The Directors, having made enquiries, believe that the Group has adequate resources to continue in operation for the foreseeable future and that it is appropriate to continue to adopt the going concern basis in preparing the financial statements.
There have been no events requiring disclosure between the balance sheet date and the date on which the financial statements were approved.
The Directors believe that they have complied with the requirements of Sections 281 to 285 of the Companies Act 2014, with regard to the obligation to keep adequate accounting records, by employing accounting personnel with appropriate expertise and by providing adequate resources to the finance function.
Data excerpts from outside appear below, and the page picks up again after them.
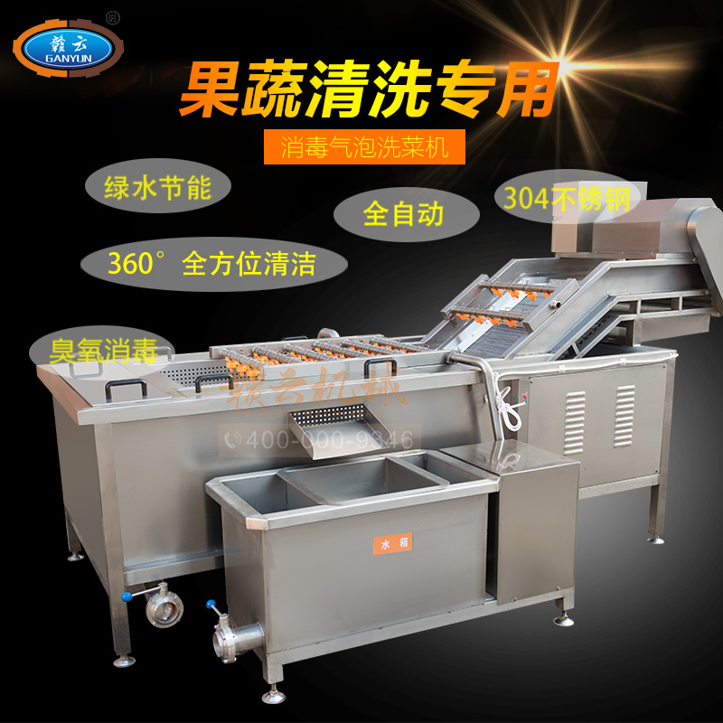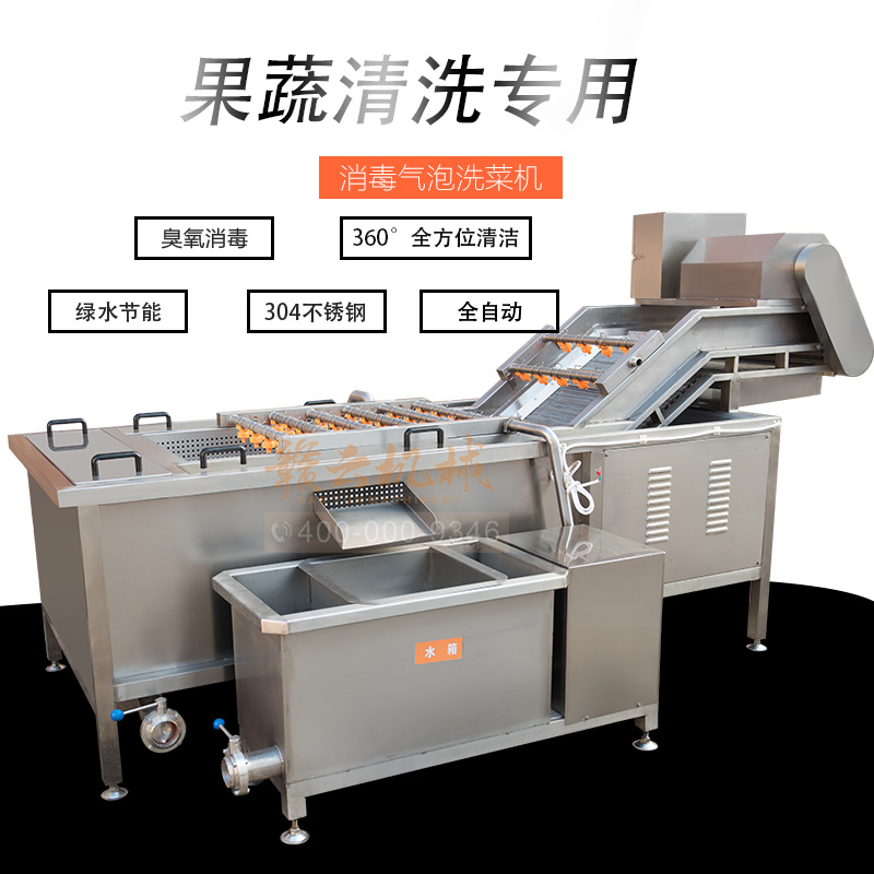 氣(qì)泡清洗機適用於蔬菜、水果、水產品(pǐn)、葉狀、根莖類等產品。清洗機還具(jù)備有效殺滅有(yǒu)害細菌、分解殘留(liú)農藥的功能,通過活性炭過濾係統循環利(lì)用清洗水(shuǐ),可節約高達80%的用水量(liàng)。
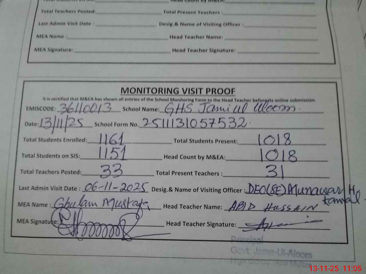 | EMIS Code: 36110013 | Name of School: GHS JAMIA-UL-ALOOM NEAR TELEPHONE EXCHANGE NEW MULTAN | |||
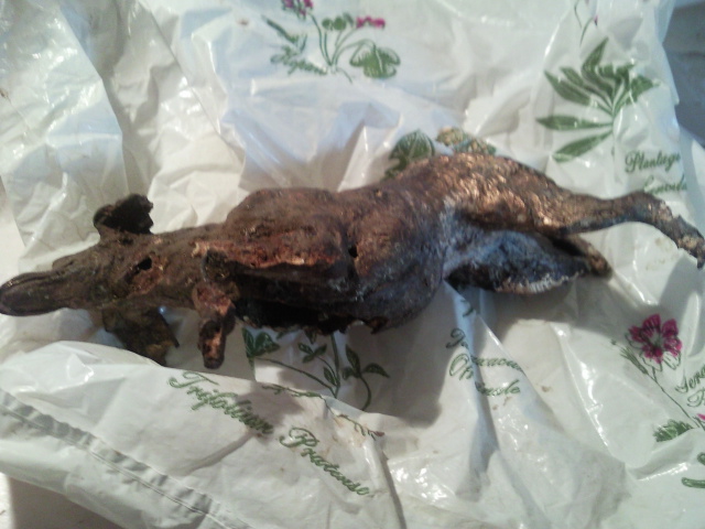 wir haben ein Hund unter eine Alten Baumwurzel gefunden.

The accounting records are kept at the Group’s registered office, Main Street, Newbridge, Co Kildare, W12 XR59.
The Directors acknowledge their responsibility for ensuring compliance, in all material respects, with the provisions of the Prompt Payments of Accounts Act 1997, the European Communities (Late Payment in Commercial Transactions) Regulations 2002 and the European Communities (Late Payment in Commercial Transactions) Regulations 2012 – 2016 (the “Regulations”). Procedures have been implemented to identify the dates upon which invoices fall due for payment and to ensure that payments are made by such dates. Such procedures provide reasonable but not absolute assurance against material non-compliance with the Regulations. The Directors are satisfied that Bord na Móna plc has complied in all material respects with the relevant requirements of the Regulations in relation to external supplier payments within the EU. In 2015, the Government launched the Prompt Payment Code of Conduct and Bord na Móna is a signatory to this code and undertakes to pay suppliers within agreed terms.
Details of the Group’s principal operating subsidiaries (including overseas branches) and partnerships are set out in note 24 of the financial statements the Annual Report 2020.
The Group’s strategy on research and development and the costs incurred during the year are set out in the Chief Financial Officer’s review of the Annual Report.
The Board made no political donations during the year (FY19: €nil).
In accordance with Section 383(2) of ‘the Act’, the auditor KPMG, Chartered Accountants, who were re-appointed in January 2018, will continue in office.